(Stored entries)
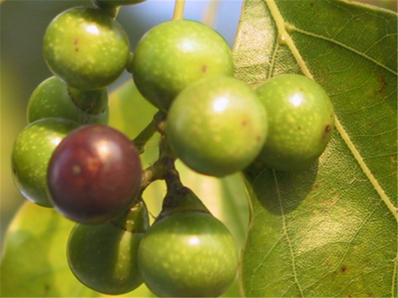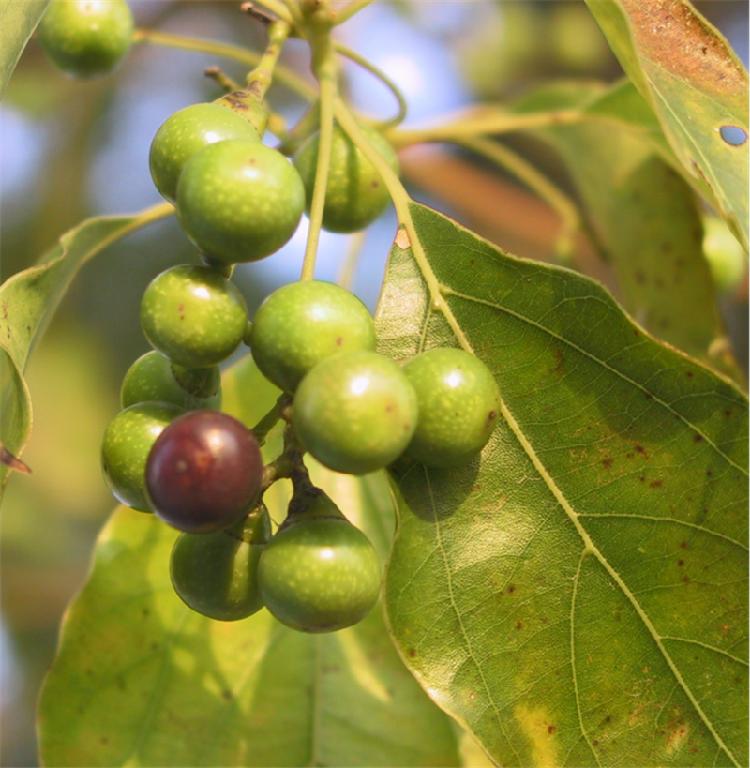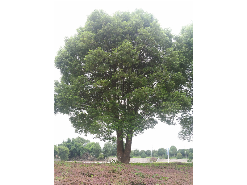 樟树 Cinnamomum camphora (L.) Presl (樟科Lauraceae)。常绿乔木,高达50m,胸径4-5m;树皮黄褐色,纵裂。小枝光绿无毛。叶互生,近革质,卵形或卵状椭圆形,长7—12m,宽3—5.5m,先端尖,基部楔形或椭圆,缘波状,光绿,下面微有白粉,离基三出脉,脉腋有腺体;叶柄长2—3cm。花序长4—7cm;花黄绿色,径6mm,果球形,径6—8mm,熟时紫黑色;果托杯状,果梗不增粗。花期4-5月,果期9-11月。
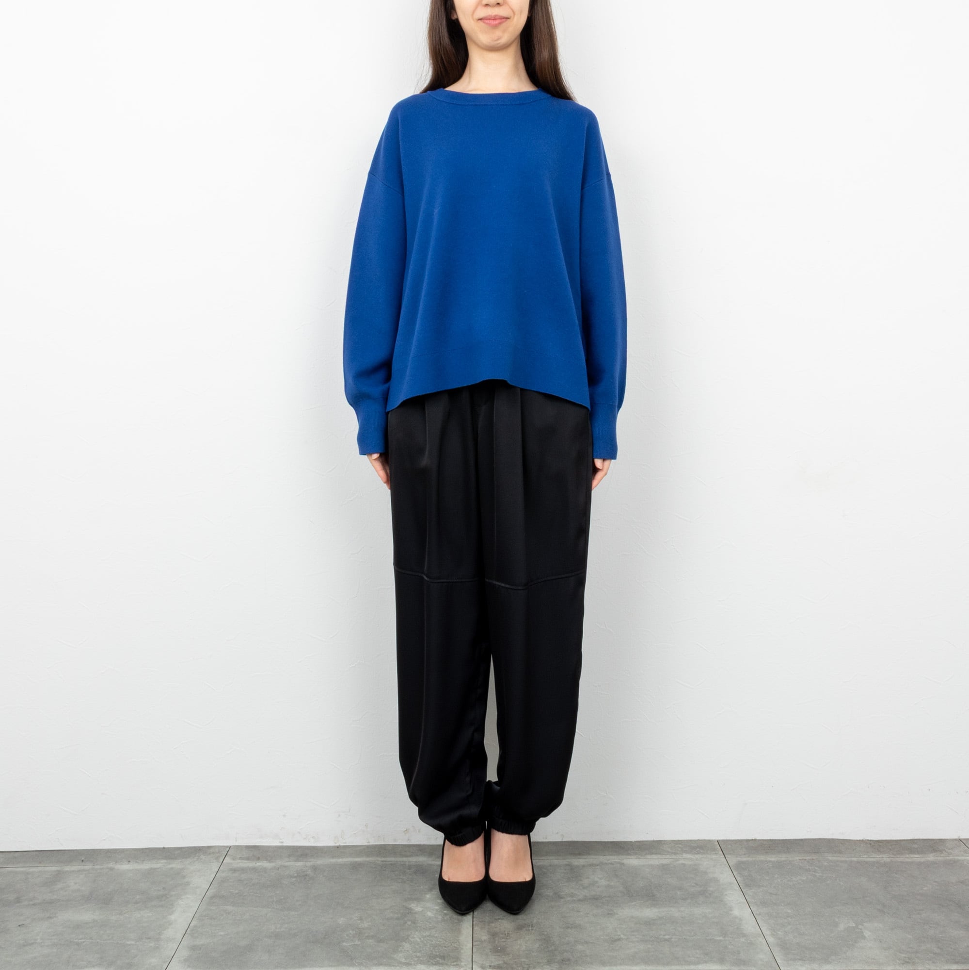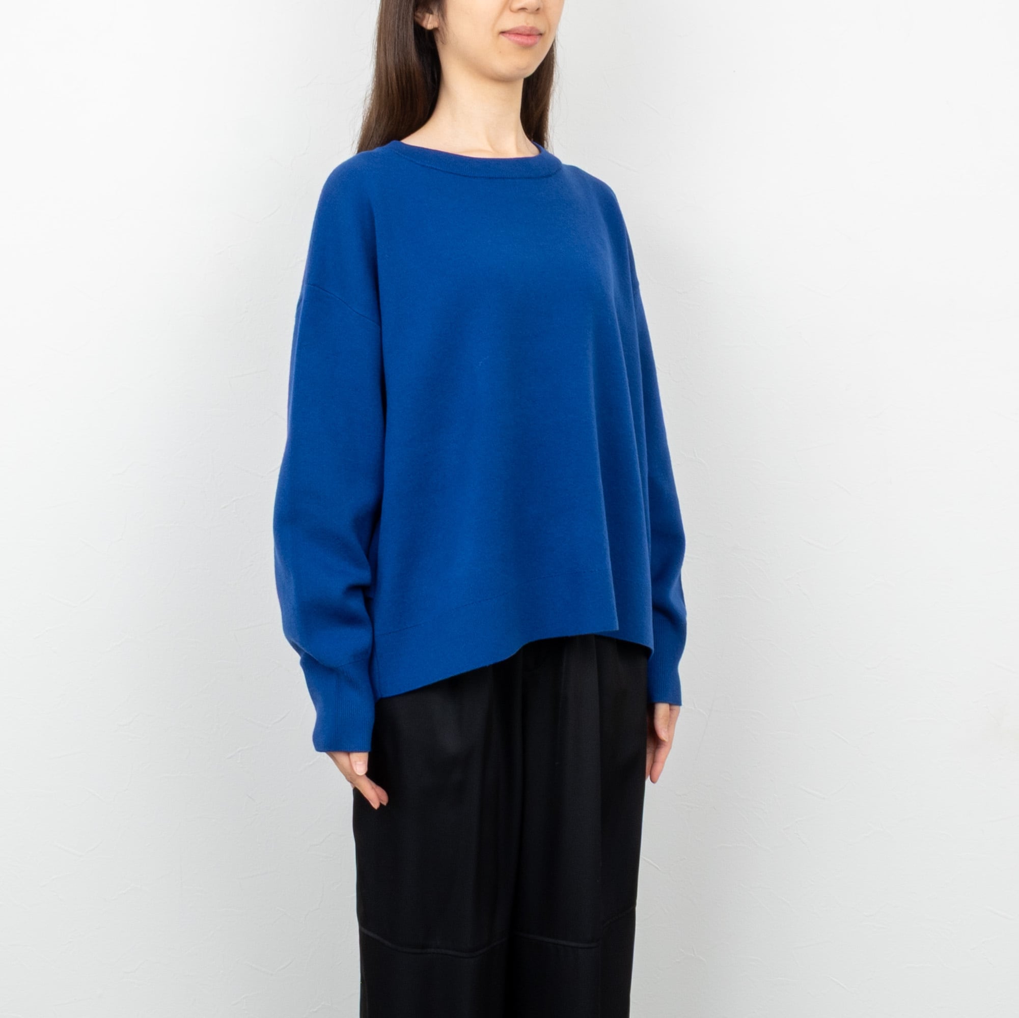 ベーシックなクルーネックに、両裾のタックでヒップを覆うバックロングのコクーンシルエット
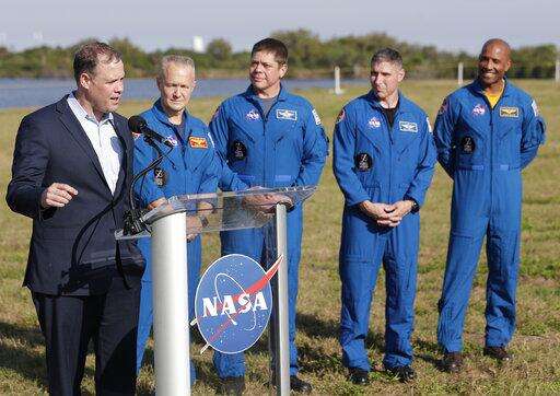 NASA Administrator Jim Bridenstine, left, speaks at a news conference with astronauts, from second left, Doug Hurley, Bob Behnken, Mike Hopkins and Victor Glover before Saturday's Falcon 9 SpaceX Crew Demo-1 rocket launch at the Kennedy Space Center in Cape Canaveral, Fla., Friday, March 1, 2019. (AP Photo/John Raoux)
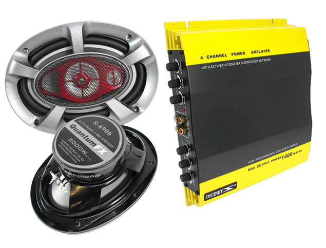 Image Title: 4 Channel 1400W Car Audio Amplifier Two 2500 Watt 6x9" Speakers Power
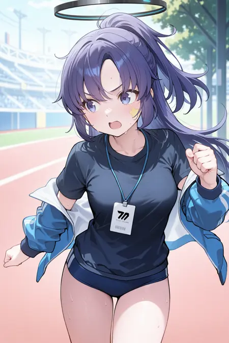 Additional prompts for the new year kimono: ponytail, sticker on face, track jacket, blue buruma, solo, t-shirt, id card, lanyard, sneakers, open clothes
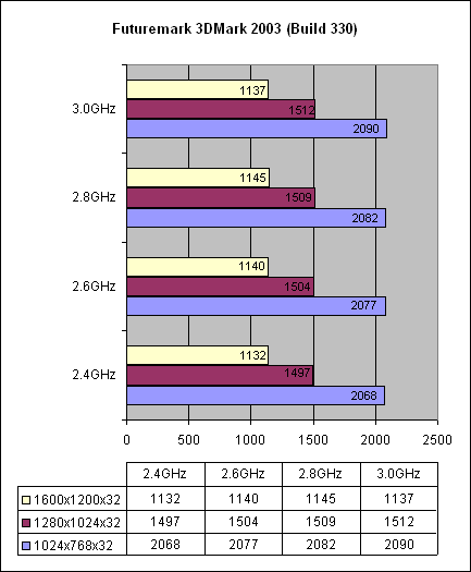 The differences between CPU speeds for the 3DMark03 test are relatively insignificant. For every 200 MHz, the scores increase by 0.3%. From 2.4GHz to 3.0GHz, our score only increased by 22 points (1.1%). This is well within the standard margin of error. This test shows that the CPU has only a 4% impact during the test, suggesting that the video card is the limiting factor in this case.
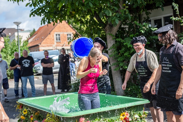 Vor der “Druckertaufe” im Wasser musste die Absolventin zur “innerlichen Reinigung” einen Rollmops verspeisen sowie Bier trinken. “So knie nieder und tue Buße, sogleich kommt nun die leichte Muße”, leitete ihr Ausbildungsleiter Dietmar Michel die Zeremonie ein. Im Anschluss wurde ein nasser Schwamm über ihrem Kopf ausgedrückt – ein Vorgeschmack auf das eigentliche Gautschen.

» **EXERCISE AIM**
What is needed is a word-for-word copy of the lines from the start of the data to the line with "ベーシックなクルーネックに、", inclusive, with no pictures in it.

» **RESPONSE TO THE EXERCISE**
 樟树 Cinnamomum camphora (L.) Presl (樟科Lauraceae)。常绿乔木,高达50m,胸径4-5m;树皮黄褐色,纵裂。小枝光绿无毛。叶互生,近革质,卵形或卵状椭圆形,长7—12m,宽3—5.5m,先端尖,基部楔形或椭圆,缘波状,光绿,下面微有白粉,离基三出脉,脉腋有腺体;叶柄长2—3cm。花序长4—7cm;花黄绿色,径6mm,果球形,径6—8mm,熟时紫黑色;果托杯状,果梗不增粗。花期4-5月,果期9-11月。
 ベーシックなクルーネックに、両裾のタックでヒップを覆うバックロングのコクーンシルエット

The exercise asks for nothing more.